1So far, I'm more alarmed with how other parts of the body grow during this process. Just saying.[↩]

2According to the fruit gods, baby measures somewhere between the size of a sweet potato (18 weeks) and a mango (19 weeks). The mangoes I just bought are markedly smaller than a sweet potato. By week 20, baby grows to the size of a...banana. Say what? Maybe it's because I shop at Whole Foods too much, but our bananas are teeny. More plaintainish than anything else. So my sizing references are all messed up. I get confused too easily to play along.[↩]

Dec. 10th, 2012

Well...it's almost Christmas.

So that means I should update about Thanksgiving, right?

Ha.

I should just accept that this blog has become a series of monthly update posts.

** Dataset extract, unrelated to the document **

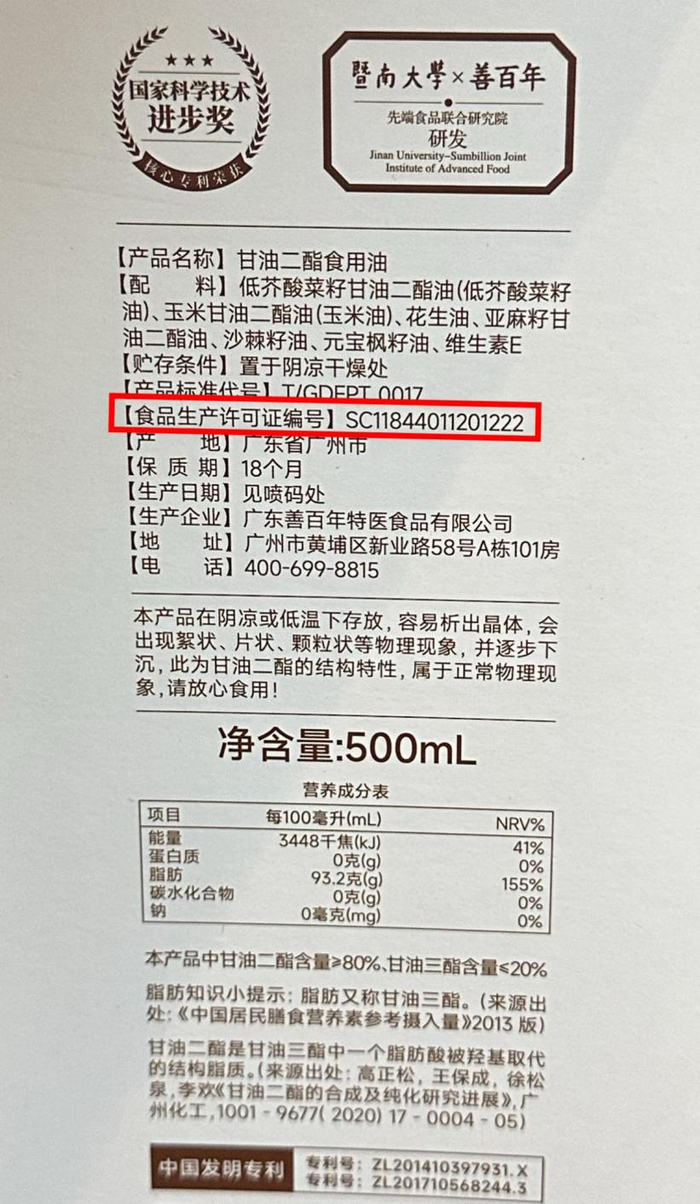 《消费者报道》记者调查发现,这款宣称“多项专利加持”的高价油,商品包装上的批准文号只有“SC”食品生产许可证编号,本质为普通食品。根据我国法律法规规定,普通食品不得宣称保健功能,不得涉及疾病预防治疗功能。

To be fair, a lot of the day-to-day stuff that I would desperately like to blog about is off limits. For good reason. I get it. But...it's limiting. Fear not, however, because I have several ridiculous posts in store dealing with hot topics like: aggressive hair removal; spin class for people with normal butts; picking up strangers when you're lonely; and getting through the bar method class when you haven't touched your toes since sixth grade. All coming up. Get excited.

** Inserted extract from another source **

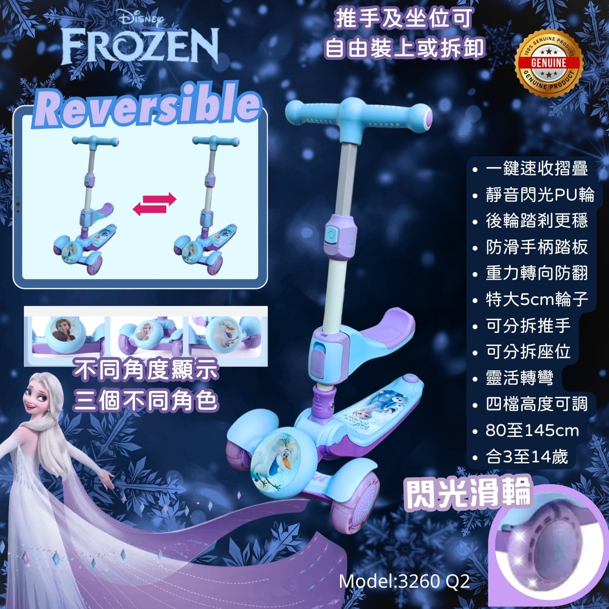 2025年新Disney Frozen 冰雪奇緣 2合1 3D加厚可推可坐帶閃光輪滑板車 frozen scooter s3260 Q2 Elsa 滑板車 frozen elsa scooter #兒童生日禮物 #聖誕禮物 #抽獎禮物 #交換禮物 #驚喜禮物 #新年禮物 #獎勵計劃禮物 Model: s3260 Q2 二合1 原價:$665 特價:2合1 帶坐位款 自取/順豐到付 $565 *另有3合1 附有家長推手柄滑板車 伴隨小朋友成長和『座位』都是可裝可拆,可隨小朋友成長情況需要去組合。 1。SUV級加寬加厚車身,更穩更安全 2。重力轉向系統 3。後輪漸進式剎車系統 4。炫酷閃光輪,動能發光 5。便攜一鍵折疊,一秒折疊便捷出行,輕鬆折疊不佔位 6。流線型防撞車頭 7。四檔調高度,陪伴小朋友成長,合3至14歲。 8。防滑手柄 10。防滑踏板 🌟四檔調高陪伴小朋友成長 四檔:80.5CM 使用年齡:10-14歲 三檔:76CM 使用年齡:8-9歲 二檔:71CM 使用年齡:6-7歲 原始檔:61CM 使用年齡:3-5歲 🌟一秒折疊單手提拎 轉彎更靈活寬輪更穩當,小朋友更易上手 🌟炫酷閃光輪 車輪內置燈珠,電磁感應原理設計無需用電,一滑就亮,持久閃爍 🌟SUV級加寬加厚車身,更穩更安全。新款加大寬輪,安全更穩定。 🌟升級重力轉向 安全重力轉向系統依靠孩子的身體力量自然傾斜把手完成轉向。輪子重力轉向間隙大於12MM 保護小孩玩鬧時不會被夾到手指。 🌟冰雪奇緣滑板車🌟 車杆可調節4檔高度: 61CM-80.5CM 軸承: ABEC-7碳鋼軸承 產品款式: 冰雪奇緣/蜘蛛俠/Hello Kitty 最大承重: 踏板50kg (如購坐墊款20kg ) 輪子: 閃光高彈輪 產品材質: 面板PP+底板尼龍+手把TPE+鋁T形管+鋁中桿 輪子尺寸: 前輪120*50MM 後輪80*24MM 承重:座椅20KG・踏板50KG ・本貨品為平行進口正貨 ・帖文內容只作參考。 ・所有商標或版權均屬有關商品品牌商標的持有人 ・網購涉及運送過程,產品及外盒可能因此會有些擠壓痕跡,實屬難免,如不影響使用,不設退換。完美主義者,請考慮才購。 ・若運輸及快遞遇上不可坑力的廷誤,不設退款,請客人體諒,本公司一收貨就快發,務求客人盡快收貨。

In the interim...turkey-but-not-really-turkey-because-DH-and-I-are-doing-the-"Eat to Live"-diet...day post.

First and foremost, my mom came out to visit us again. This is year number two - so I am officially declaring it a tradition. Well, at least until we get back to home state. But I digress.

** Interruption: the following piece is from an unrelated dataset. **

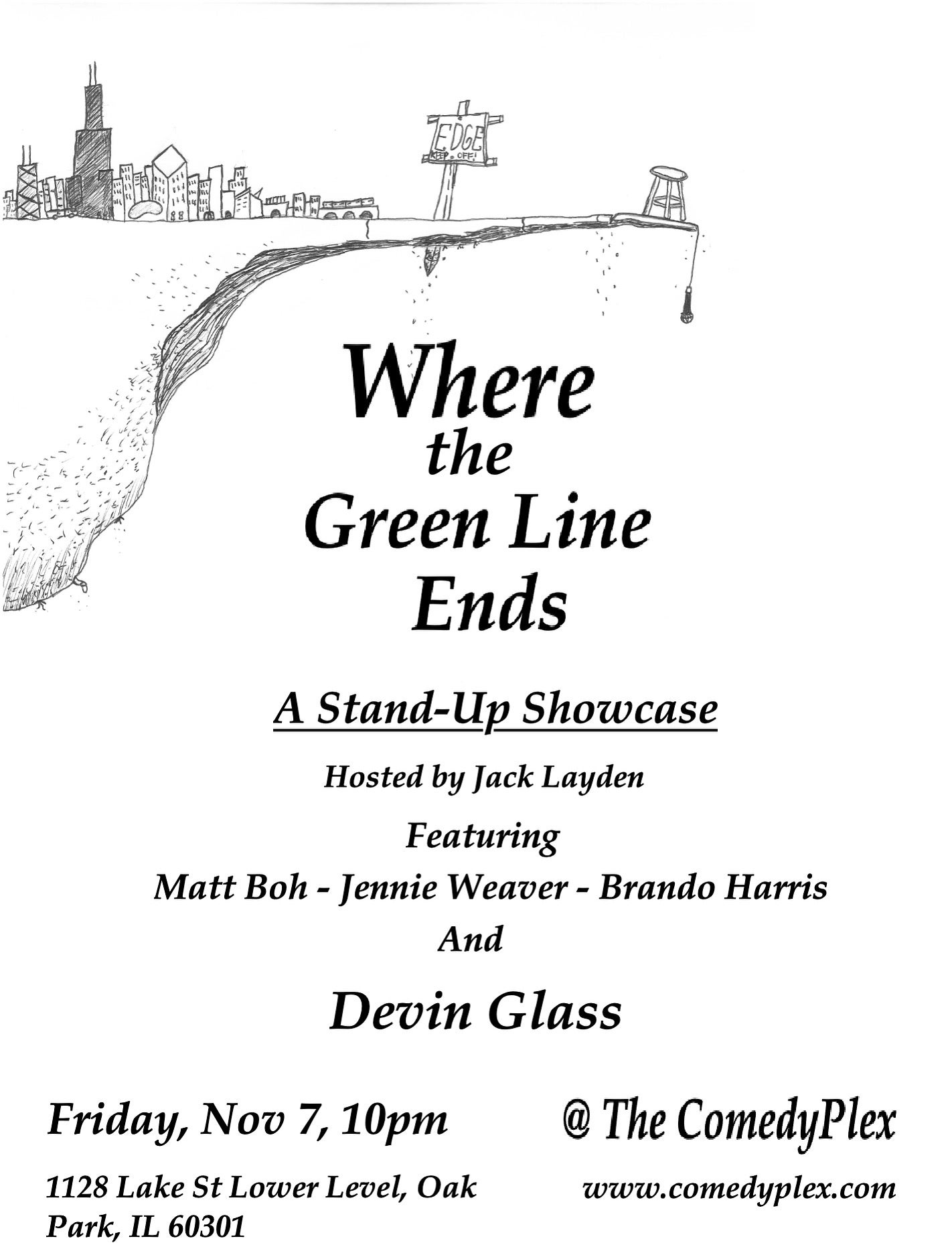 description: Where the Green Line Ends! Come see some of the Chicagolands funniest comedians falling up! A new late night Stand-Up Comedy Showcase in Oak Park, IL, right off the last green line stop! $10/$5 with College ID | Hosted by Jack Layden Featuring: Matt Boh Jennie Weaver Brando Harris Devin Glass Drink Special $10 Margaritas! $3 Fireball Shots $3 Hamms Beers *2 Drink Minimum Per Person *21 and over unless accompanied by an adult Cheap Parking in Holley Court Garage Outside food welcome

When she was here, we did some stuff.

First, we saw the Rogers and Hammerstein version of Cinderella. My mom loves Rogers and Hammerstein, which means that I grew up humming right along. I saw the ad for the show on a metro bus and immediately bought tickets. The show was at a quaint community theater and there were about a dozen little girls there decked out in poofy dresses. It was pretty awesome.

Photobucket


For the main event, I made a purely vegan feast. This is weird because I've never been vegan. And, current diet aside, I wouldn't classify myself as such. I love sushi. And milk. And you know, non-vegan things. But DH and I have been on this health kick for a little bit - so I indulged. You know, just to see if it was possible. I ended up making pumpkin curry soup, a "meat" loaf, cranberry spinach with pine nuts, sweet potato and apple casserole, zucchini/carrot muffins, and a DELICIOUS gluten-free (and vegan?!) pumpkin pie. It was actually really really good. Even DH liked it. (Although, if we're being honest, I am pretty sure it didn't make up for the fact that we didn't have Stove Top Stuffing.)

Photobucket


I also picked up a bottle of Beaujolais Nouveau. Apparently I am the last person in the world to hear about this seasonal wine. It is released annually (always around turkey day) and is intended to be enjoyed within the year of its release. (For its $15 price tag, it was worth it!)

To burn calories enjoy the great outdoors, DH and I also took her to see Great Falls Park. Even though we missed the gorgeous leaves, we had some decent weather and got to explore for a bit with the bulldog. I remember when I lived in the Vermont how amazing the sky was. You could see the milky way with naked eyes. The sky was like an astronomy book. I always feel better when I remember that nature is everywhere. (Even in cramped cities.)

Photobucket


We were able to round out the vacation with a trip to the Symphony of Lights. I suspect this drive-through lights display is very appealing to young children, but the lights in home state have ruined me as far as light displays go. Where are the displays of jumping animals? And tunnels of lights? And cocoa? I mean, what is this? Fortunately, we were able to find a station playing Christmas music that we belted out to get more in the spirit.

Photobucket


It was a good trip. And I am so so SO happy to be going back home for Christmas.